County takes on more than $400 million in debt as Redevelopment Agency folds.
Thursday, February 9, 2012
As Monterey County’s former director of redevelopment and housing, Jim Cook would have lost his job when California’s 425 redevelopment agencies dissolved Feb. 1. But he was spared unemployment when officials chose him to lead the county’s new Economic Development Department, formed last March.
But the financial future is still a moving target as Cook and his staff work to retool; he says it looks like redevelopment dollars could be reduced by one-third. “But we’re looking at all our obligations to determine what projects and revenues will survive,” he says.
With redevelopment slashed, the county now inherits its unfinished projects – and a debt bigger than the price tag on the now-defunct Regional Desalination Project. The estimated tab on what the former County Redevelopment Agency owed, mostly to developers, engineers and project consultants: more than $426 million.
That amount is likely to shrink as the county drops projects, like the $3.5-million last phase of a storm-drain improvement effort in Salinas.

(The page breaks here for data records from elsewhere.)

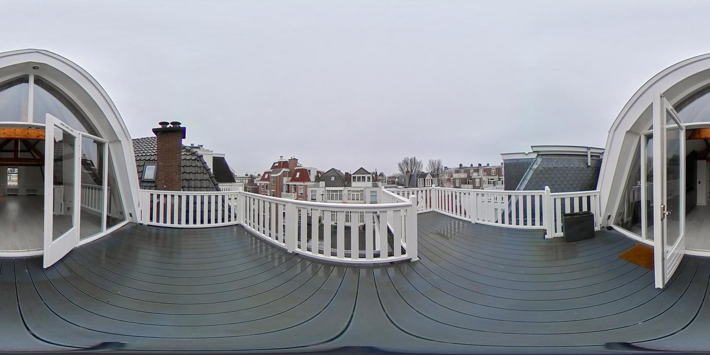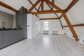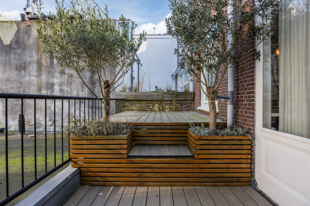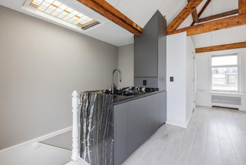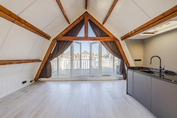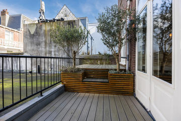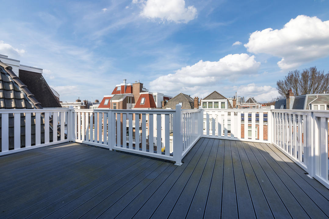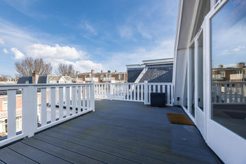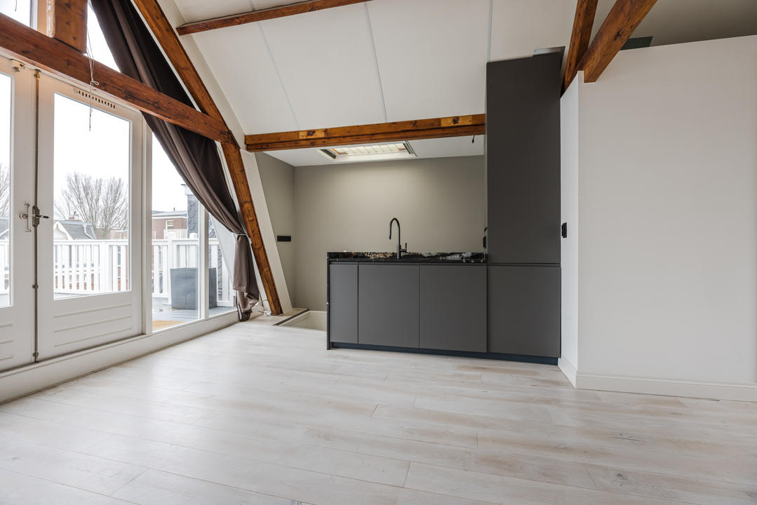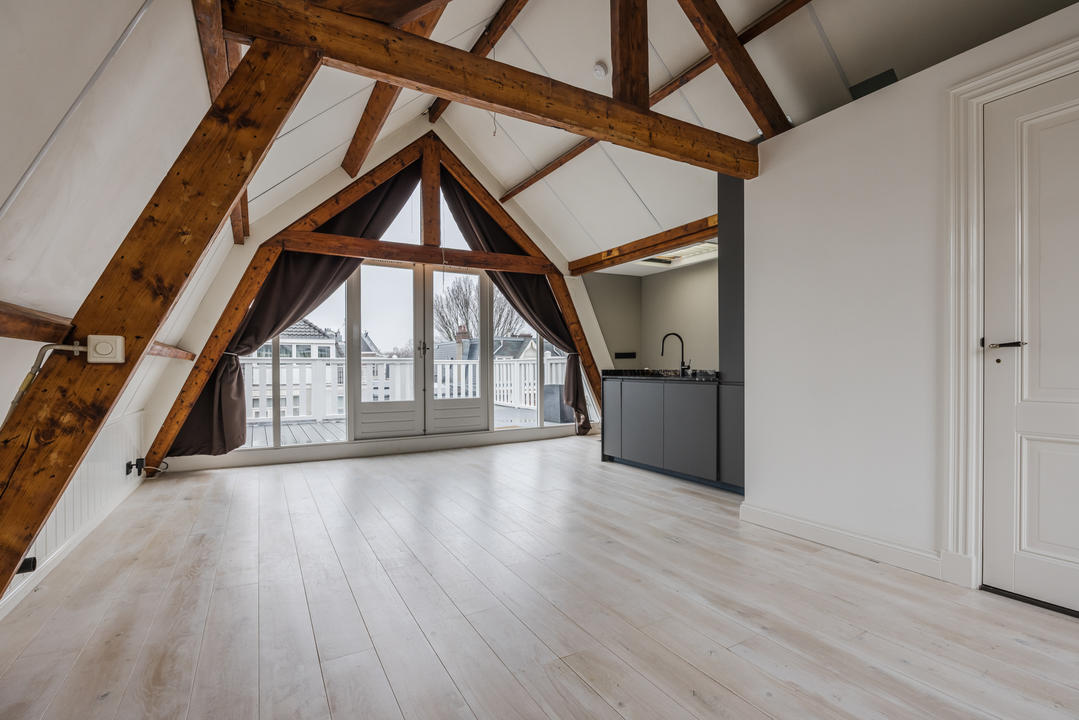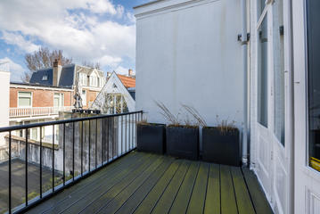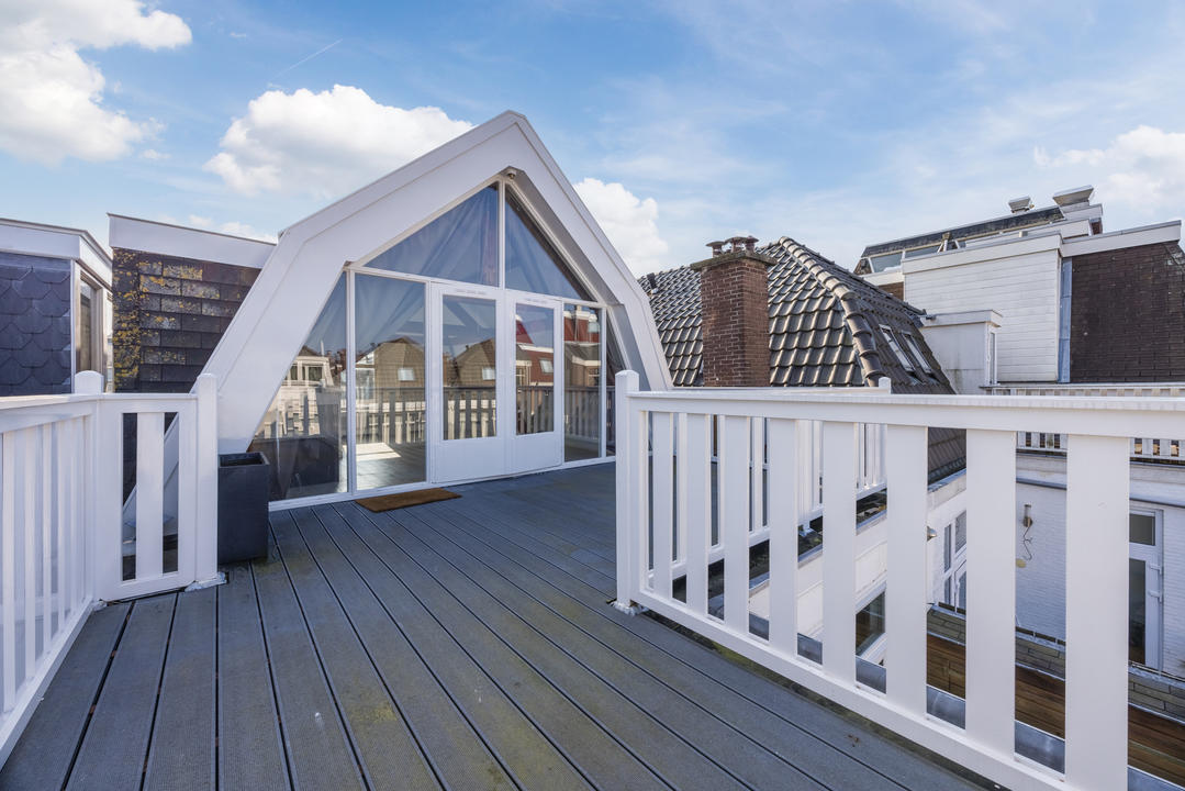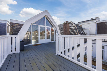 Terug op de overloop leidt de trap naar de bovenste etage, met bovenin een karakteristiek daklicht met glas-in-lood. Deze verdieping is werkelijk uniek. Aan de achterzijde is een deel van de gevel teruggelegd en voorzien van een grote glazen pui, waardoor een zee aan licht binnenvalt. De originele balken zijn in het zicht gelaten, dat zorgt voor karakter en warmte. De ruimte kan uitstekend functioneren als zelfstandig appartement voor inwonende kinderen, gasten of als werkruimte. Er is een kitchenette met wasbak en koelkast, een kast met opstelplaats voor de c.v.-combiketel en een moderne tweede badkamer met douche, wastafel en vrijhangend toilet. Openslaande deuren geven toegang tot het heerlijke dakterras. Door het formaat en de ligging kan hier in de zomer van circa 07.00 tot 21.00 uur van de zon worden genoten.
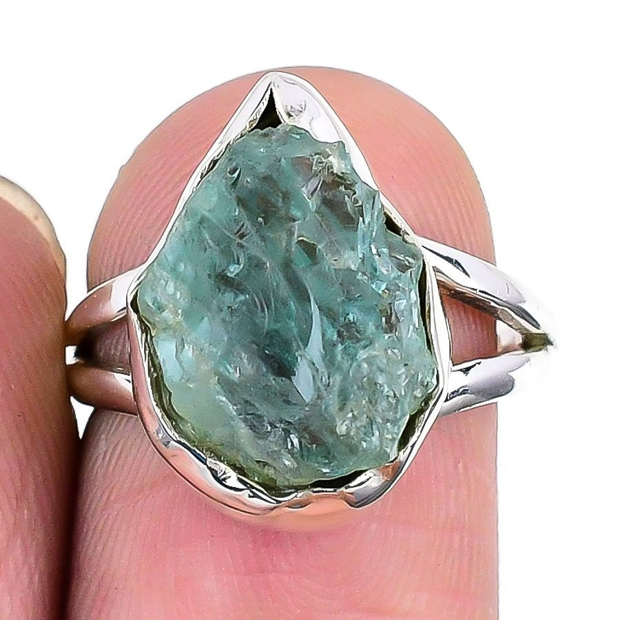 Natural Aqua Apatite 925 Sterling Silver Unique Statement Ring Jewelry Size 7
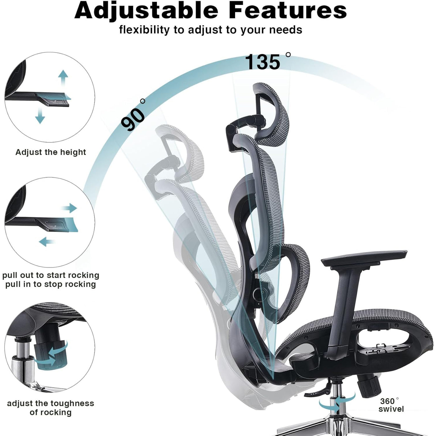 • [High Stability Backrest and High Elasticity Mesh Seat] The back shape adopts a double character design, with a more stable and solid structure. The high-quality mesh fabric makes the backrest more elastic and breathable.This office chair can be tilted at 105 °, 120 °, and 135 ° Of course, the height can also be adjusted up and down The seat cushion adopts a hollow mesh seat design and high elasticity special mesh support, providing you with ultimate seat comfort.
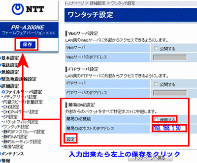簡易DMZホストのIPアドレスに192.168.1.40と入力し設定ボタンをクリックします。
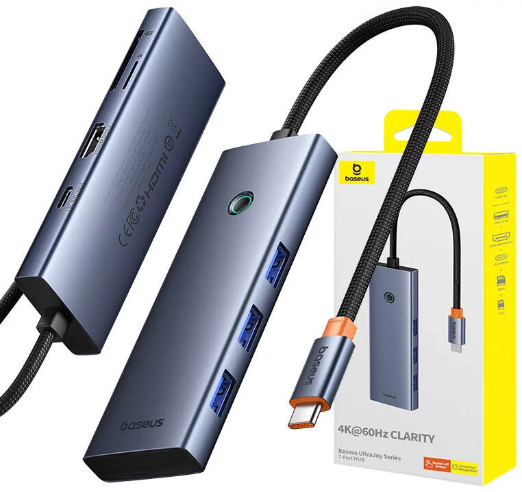 The Baseus UltraJoy 7-in-1 Hub is a versatile solution that will transform your experience with mobile devices and computers. The HDMI port offers impressive 4K@60Hz image quality, while remaining compatible with various resolutions. One-button quick disconnect makes using the hub incredibly intuitive, and high-speed data transfer at 5Gbps speeds up your file work. Additionally, multiple layers of security ensure the safety of your devices, and the variety of ports allows you to connect multiple devices simultaneously. The Baseus UltraJoy 7-in-1 Hub is the perfect tool for those who value convenience, performance, and reliability in their everyday electronics use.
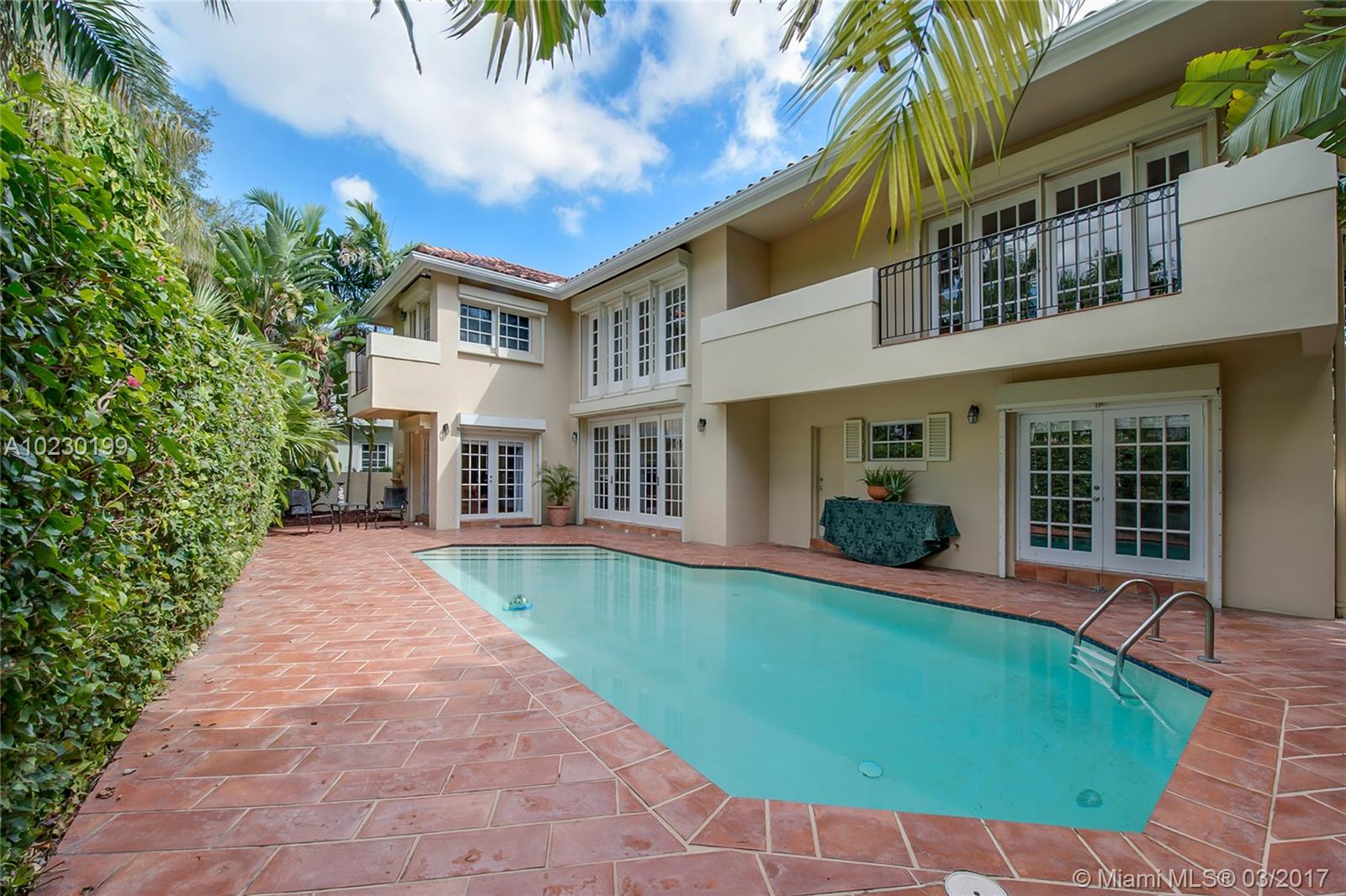 Wonderful opportunity to live on a great S. Gables oak lined street with beautiful homes and a coveted lifestyle. Light filled Living Room with 20 ft. ceilings and dramatic built in library wall with rolling ladder. 2015 Kitchen with white wood cabinets with quartz countertops, breakfast area, and adjoining Family Room. Formal Dining with charming patio. Master with private terrace. French doors out to a large Pool. Garage. Enjoy all the best of Coral Gables and SOMI.
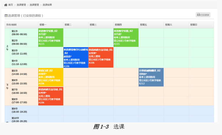 补退选结束后,学生可自行上网浏览、核对、打印自己的课程表,并按课表上的时间安排上课。
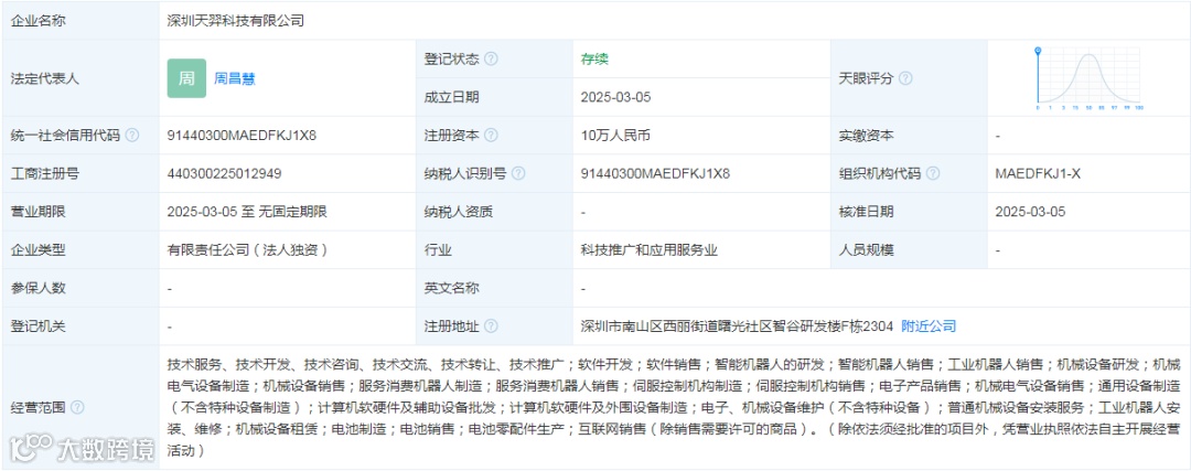大数跨境(10100.com)观察,3月5日,天眼查数据显示,深圳天羿科技有限公司成立,由杭州宇树科技有限公司全资持股。该公司主要经营范围包括:智能机器人研发与销售、工业机器人销售、服务消费机器人制造与销售等。

“Because the law is so poorly drafted, it’s impossible for me to say exactly what’s going to happen,” Cook says.
Redevelopment agencies folded after a Dec. 29 California Supreme Court decision upheld AB 26, which eliminates the local vehicles for funding projects with tax increments. In their wake comes an aggressive timeline for successor agencies to pick up their responsibilities; audits of assets and liabilities are due to the state by July 15.
Not all redevelopment projects are destined for the shredder. A park in Pajaro relying on a $5 million state grant will go forward, and Cook expects housing at East Garrison to proceed as planned because contracts pre-date the demise of redevelopment agencies.
“Nobody has talked about walking away,” he says.
Developer Jim Fletcher of Union Community Partners, for example, still expects to collect $24 million for the East Garrison project. “We’re operating under the assumption that there will be a successor agency that will live up to the obligations of the Redevelopment Agency,” he says.
But County Supervisor Dave Potter says it’s too soon to commit funds in this rapidly changing environment. “To say there are county resources to offset this is delusional,” he says. “We don’t have the resources to backfill this thing.”
Potter and Cook both see a glimmer of opportunity in redevelopment’s absence. Gone is the ability to buy and sell land at a discounted rate, a perk once used to beckon developers. But that may force the Economic Development Department to focus on its intended mission of leveraging existing resources for maximum job creation, Cook says.
“I really don’t see us entering into redevelopment-like agreements with private developers in the future,” he says. “The entire economic development strategy is built around the premise that we don’t need more development.”
At least one private developer sees a bleak future for post-redevelopment Fort Ord.
“There is no way you can remove the blight without tax increments,” says Brian Boudreau, developer of the proposed Monterey Downs horse park. “It’s going to look like it does now forever, unless these new projects get going.”